Zabierz mnie ze sobą David Levithan 7,5
ocenił(a) na 924 tyg. temu Książka “Zabierz mnie ze sobą” duetu David Levithan i Jennifer Niven, opowiada o 15-letnim homoseksualnym chłopcu, który pewnego ranka odkrywa, że jego 18-letnia siostra Beatrix uciekła z domu. Zostawiając telefon, nie zostawiając słowa wyjaśnienia, żadnego znaku, nic poza adresem e-mail ukrytym w miejscu, w którym tylko on mógł go znaleźć. O ile jest w stanie zrozumieć motywy jej działania, o tyle nie potrafi zrozumieć, dlaczego akurat teraz, tak nagle i dlaczego bez niego? Ezra nie spodziewał się i absolutnie nie był gotowy zostać sam z agresywnym ojczymem i obojętną na cierpienie własnych dzieci matką, ani tym bardziej na to, że będzie zmuszony zmierzyć się z pokłosiem jej ucieczki. Postanawia napisać do siostry pełną pretensji wiadomość, od której zaczyna się wymiana e-maili między nimi.
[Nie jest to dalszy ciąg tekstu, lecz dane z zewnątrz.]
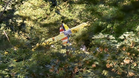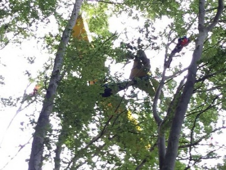 Спасательная операция была осложнена тем, что авария произошла в труднодоступной местности, а дерево, на которое приземлился самолет, растет на крутом склоне.

Forma poczty elektronicznej zarezerwowana głównie do szybkiej komunikacji biznesowej i marketingowej, w tym wypadku została wykorzystana przez autorów w sposób rozwijający historię życia bohaterów, budując między rodzeństwem klimat bezpieczeństwa, dyskrecji, możliwości wyrażenia swych obaw oraz pozwalający stawić czoło przeszłym i obecnym problemom, a także odkrywanym rodzinnym tajemnicom. Pomimo wielu trudnych tematów wplecionych w ich historię, płynie się przez kolejne wiadomości, nieubłaganie docierając do zakończenia, jednocześnie kibicując Beii i Ezrze w pełnej zwrotów akcji ucieczce ku wolności, ku życiu, jakiego pragną i rozwijającej się w nich samoświadomości. Współodczuwając istniejącą między rodzeństwem więź, jak i towarzyszące im emocje.
Jestem mamą prawie równolatka Beatrix, dlatego bardzo cieszę się, że wśród literatury młodzieżowej można znaleźć książki tak mądre, wartościowe, trafiające w najczulsze struny, będące cenną lekcją życia!! Zwłaszcza, że nie zawsze młodzi ludzie chcą rozmawiać o trudnych tematach i trapiących ich problemach z rodzicami, albo w ogóle z kimkolwiek dorosłym.
Każdy z nas wie, iż dom to nie tylko mury oraz meble, lecz przede wszystkim ludzie, którzy go tworzą. Wiemy też, że nawet w “najlepszym domu” może zdarzyć się tak, że dziecko z niego ucieknie. Czasem przez jakiś modny chellenge, albo wyraz buntu i zaznaczenia swojej “dorosłości” i niezależności, ale najczęściej jest to ucieczka od tego, jaki ten dom jest, i jak się w nim czuje. Ten bratersko – siostrzany dramat pokazuje, że dzieci potrafią ukrywać niepoprawne funkcjonowanie swojej rodziny, ale muszą wiedzieć, że nie są same, mogą przetrwać i znaleźć dobre dusze, które je docenią, a nawet mogą się stać im bliższe niż rodzina. Ta książka porusza serce, stawia wiele pytań m.in. na temat rodziny, miłości, troski czy odpowiedzialności. Jest opowieścią zapraszającą do przejęcia kontroli nad własnym losem. Do odważnego poszukiwania rozwiązania każdego problemu stającego na drodze do szczęścia, zdrowia psychicznego, a także poproszenia o pomoc.
Poruszając współczesne, bardzo ważne dla nastolatków sprawy, również dzięki prostocie formy i języka, wątkom: LGBTQ, przemocy fizycznej i psychicznej, poszukiwania własnej tożsamości, nabiera autentyczności, co skłania mnie do stwierdzenia, iż powinna się znaleźć na półkach szkolnych bibliotek, a wychowawcom może ułatwić dialog na podjęte w niej tematy na godzinach wychowawczych. Matkom, które racjonalizują przemoc wobec własnych dzieci. Tak naprawdę powinien przeczytać ją każdy, abyśmy stali się wyczuleni na wszelkie symptomy, które mogłyby wskazywać, że dzieciom dzieje się krzywda. Naprawdę warto. Mnie ta historia porwała bez reszty, choć słuchałam audiobooka (coraz bardziej się do nich przekonuję).